Vermont Could Provide a Strong Example for Nova Scotia’s Future

Photo by Venti Views via Unsplash

The Maritime provinces, geologically, rub shoulders with the American Atlantic states. Our close connection can open opportunities to learn from each other.

Vermont is just past Maine, and unlike the Maritimes, does not border the Atlantic Ocean. Vermont has had a transformational 20 years and finds itself coming out of the pandemic as one of the USA’s leading states.

The state would be the first to introduce civil unions and also the first to legalize gay marriage. Although not perfect, Vermont could be a possible inspiration to Nova Scotia on how to transform our economy.

A key part of Vermont’s economy is the amount of co-ops operating in the state.

A cooperative business is one where all the employees own a percentage. This gives all workers a mutual interest in investing in the smooth operation of the company.

It also allows motivation, as workers know that their hard work at a company will be directly rewarded. Knowing they are not working for nameless corporate faces, but for each other brings people together as a community, it also allows for democratic control of workplaces. Democratic control can help reduce negligence, dysfunctional management, and ensure that the workplace is fair.

Grocery stores are common co-ops in Vermont, the democratic and local control of the food supply has allowed co-ops to work with each other to keep prices down.

During the pandemic, the Vermont government took the issue of food insecurity into their hands.
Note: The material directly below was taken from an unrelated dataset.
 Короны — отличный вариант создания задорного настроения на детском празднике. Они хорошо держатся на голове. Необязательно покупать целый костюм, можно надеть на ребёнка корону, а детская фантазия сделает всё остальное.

The $49 million relief program succeeded in increasing food security, economic stabilization, and agricultural resilience.
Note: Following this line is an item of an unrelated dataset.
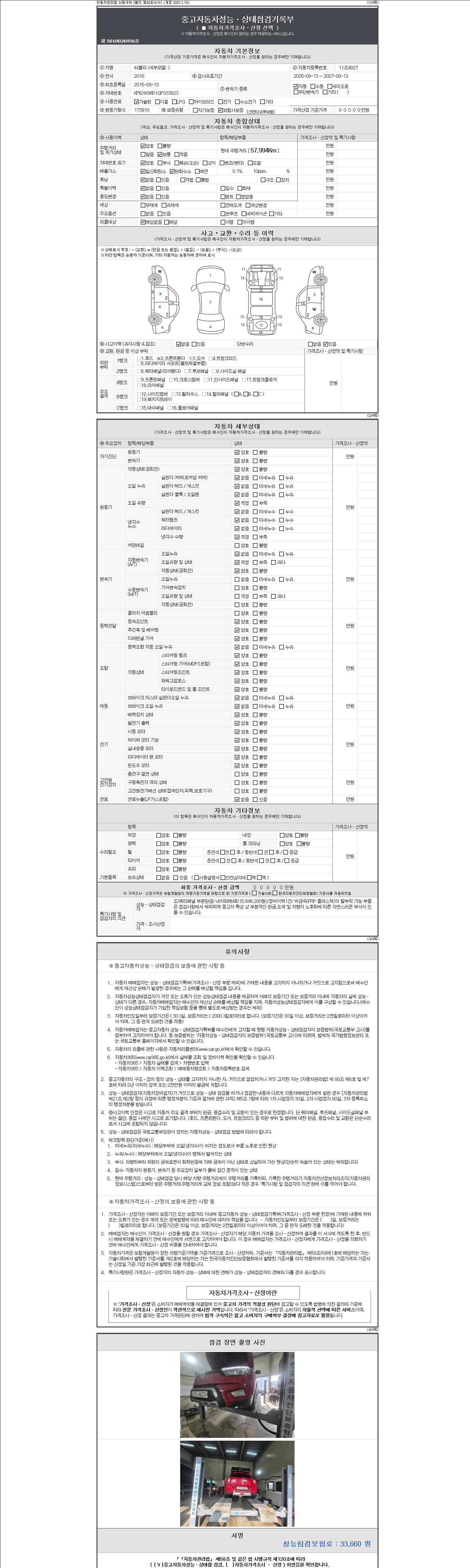 자동차관리법 시행규칙 제120조의 규정에 따라 별지 제 82호서식 《중고자동차 성능, 상태점검 기록부》를 발행한 성능, 상태점검자 및 매매자는 아래의 보증기간 또는 보증거리 이내의 중고자동차, 성능점검 기록부에 기재된 내용과 자동차의 실제 성능, 상태가 다른 경우 계약 또는 관계법령에 따라 매수인에 대하여 책임을 집니다.

The economic growth from this venture has been impactful.

Four million meals were provided by Vermont restaurants to distribute directly to locals who dealt with food insecurity.

The state saw a $78 Million increase in local restaurant spending. The program aided in stabilizing businesses that were struggling in the pandemic. Restaurants would be reimbursed $39 million, and 10 percent of the ingredients used must be purchased from local Vermont farms as per the agreement in order to further the economic development provided by the program.

Vermont farms have been affected largely by the climate crisis, and used to be made up mainly of dairy cow farms.

The weather has warmed by nearly 2 degrees Fahrenheit with more floods to come, greatly affecting the agriculture of the area.

However, even with the devastating affects of climate change, a new generation of farmers have flocked to Vermont. This is a diverse generation of young people of all walks of life, and are attempting to take back the Vermont farmer identity. Vermont could seriously see a reason for change when they witnessed previous generations flocking out West to California, in consequence,they have been quick to embrace this new generation as it could provide a symbol of hope for the community.

A major dairy farming company in Vermont, Nordic Farmers’, went bankrupt and another company, Earthkeep Farmcommon, took its place. The goal of the company is to produce local shrimp in an effective environmentally sustainable way. The company also operates Vermont Malthouse, which acts as the only producer of malt in Vermont. They are able to distribute their malt to local distilleries and keep the money in their own community.

Businesses fail for all types of reason, however, occasionally a company is in the red due to small errors, or their economic circumstance. If a company has a successful track record, why should the government not step in and aid it? These changes should not take significant reason just to allocate them differently.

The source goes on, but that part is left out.